Abstract:Stable locomotion in precipitous environments is an essential capability of quadruped robots, demanding the ability to resist various external disturbances. However, recent learning-based policies only use basic domain randomization to improve the robustness of learned policies, which cannot guarantee that the robot has adequate disturbance resistance capabilities. In this paper, we propose to model the learning process as an adversarial interaction between the actor and a newly introduced disturber and ensure their optimization with $H_{\infty}$ constraint. In contrast to the actor that maximizes the discounted overall reward, the disturber is responsible for generating effective external forces and is optimized by maximizing the error between the task reward and its oracle, i.e., "cost" in each iteration. To keep joint optimization between the actor and the disturber stable, our $H_{\infty}$ constraint mandates the bound of ratio between the cost to the intensity of the external forces. Through reciprocal interaction throughout the training phase, the actor can acquire the capability to navigate increasingly complex physical disturbances.
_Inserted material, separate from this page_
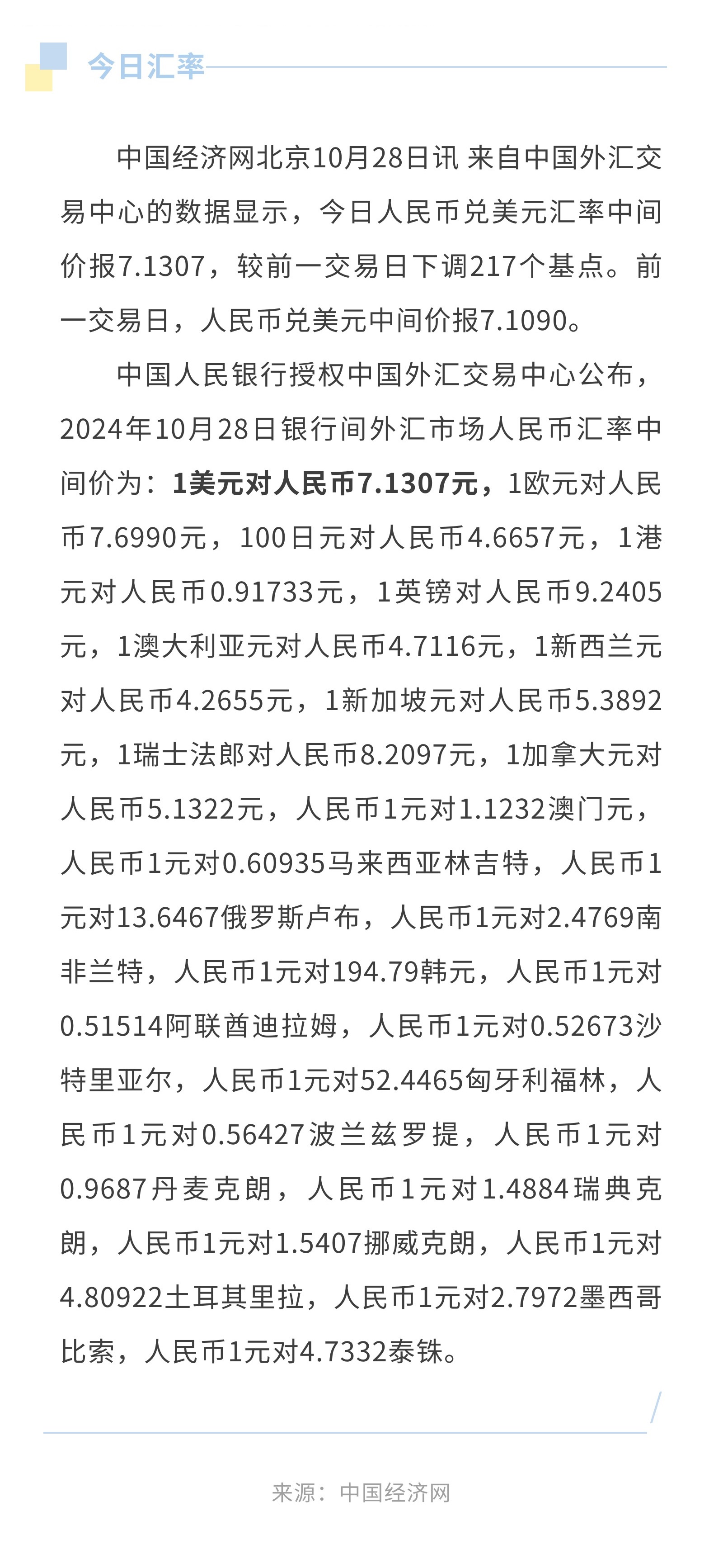 10月28日人民币兑美元中间价报7.1307,下调217个基点

We verify the robustness of our approach on quadrupedal locomotion tasks with Unitree Aliengo robot, and also a more challenging task with Unitree A1 robot, where the quadruped is expected to perform locomotion merely on its hind legs as if it is a bipedal robot. The simulated quantitative results show improvement against baselines, demonstrating the effectiveness of the method and each design choice. On the other hand, real-robot experiments qualitatively exhibit how robust the policy is when interfering with various disturbances on various terrains, including stairs, high platforms, slopes, and slippery terrains. All code, checkpoints, and real-world deployment guidance will be made public.